Sie überlegte, wie viele Kilometer sie in dieser Nacht wohl schon gefahren war. Zuerst war sie bei Wills Haus vorbeigefahren. Das Licht war an, die Tür nicht abgesperrt, aber er war nicht da. Dann war sie auf der 40 nach Norden zur Autobahn gefahren, und von da aus die 95 immer weiter. Es gab nur wenig Verkehr. Sie hatte den Tempomat auf 100 Stundenkilometer gesetzt und war immer auf der rechten Spur geblieben. Aber jetzt wurde der LKW-Verkehr dichter. Da bot es sich an, nach Pendleton zurückzufahren.
Frühstückende LKW-Fahrer drängten sich um die Theke. Die meisten von ihnen hatten wohl die Nacht in den Fahrerhäuschen der Brummis verbracht, die auf dem Parkplatz aufgereiht standen, aber einige sahen auch so aus, als kämen sie direkt von der Straße. Die letzte Nacht hatte ihr neuen Respekt vor Fernfahrern eingeflößt.
Sie war sich der bewundernden Blicke bewusst und hörte sogar ein paar anerkennende Pfiffe. Sie warf einen Blick auf sich an einer der verspiegelten Wände und sah eine blasse, hagere Frau mit tiefen Ringen unter den Augen und windzerzausten Haaren.
Die haben sie doch nicht mehr alle!
Wenn sie die ganze Nacht unterwegs gewesen waren, machte das Fernfahrer vielleicht nicht nur müde, sondern auch notgeil und kurzsichtig.
Sie goss sich einen Kaffee ein, fügte zwei Stückchen Zucker hinzu und griff sich einen eingeschweißten Donut. Ein weiteres Pfeifen folgte ihr zur Tür hinaus, als sie bezahlt hatte.
Auf halbem Weg zum Auto erstarrte sie mitten auf dem Parkplatz. Die Beifahrertür stand offen.

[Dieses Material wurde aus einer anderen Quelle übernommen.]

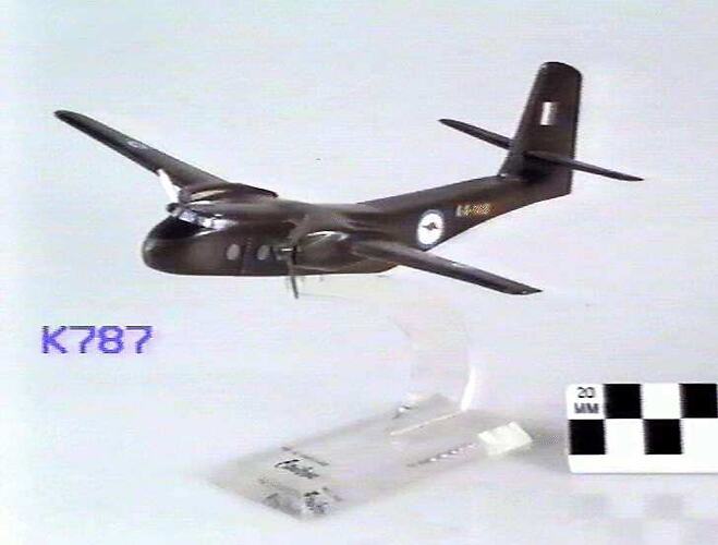 This model represents A4-140, one of the first group of Caribou aircraft delivered to the RAAF in 1964. It served in Vietnam with 35 Squadron between 1968 and 1971. In 1975 it was sent to East Timor where it was hijacked and the pilots forced to fly refugees to Darwin. It also served in Bougainville and again in East Timor with INTERFET. It is the longest serving RAAF aircraft, flying with 38 Squadron. A4-140 was delivered to the Australian War Memorial in late 2009. This model is painted in all-over dark green used until the 1980s. It is believed to be a factory model produced by DHC for display or promotional use and is mounted on a perspex display stand.
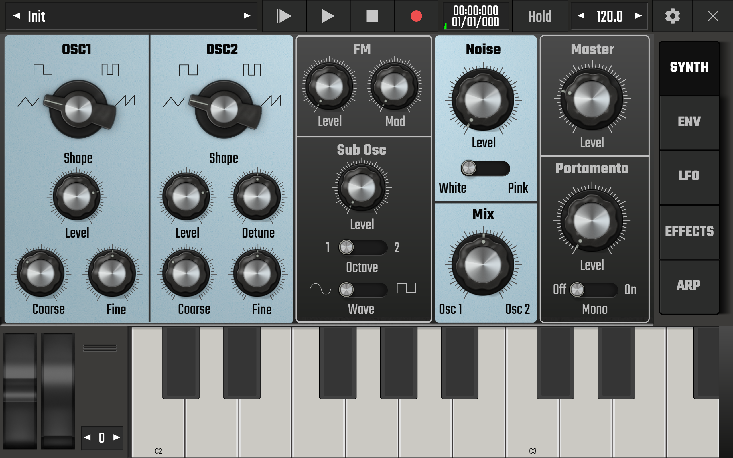 Coarse tuning controls the note of the oscillator relative to the note pressed on the keyboard (or triggered on the piano roll). The default value is the same as the note triggered but it can be moved up or down in semitones (between -12 and +24) using the dial. The Playback Timer panel will display the semitone setting as the dial is moved. As always, double tap on the dial to return it to its default value. Try raising the second oscillator by an octave (12 semitones) or a fifth (7 semitones) for easy examples of what can be achieved with Coarse tuning.

Aber sie hatte den Wagen abgeschlossen. Beim Näherkommen bemerkte sie eine Pfütze aus Erbrochenem unter der Tür. Der Wagen war leer. Ev war verschwunden.
Sie stellte den Kaffee und den Donut auf der Kofferraumhaube ab und stieg auf die Stoßstange, um einen besseren Ausblick zu haben. Hektisch musterte sie den Parkplatz, sah jedoch niemanden, der Ähnlichkeit mit Ev hatte. Und dann, weit hinter sich, sah sie eine einsame Gestalt, mager, verloren wirkend, die auf den Highway zustolperte.
Sie rannte hinter ihm her, rief seinen Namen und holte ihn kurz vor der Fahrbahnabgrenzung ein.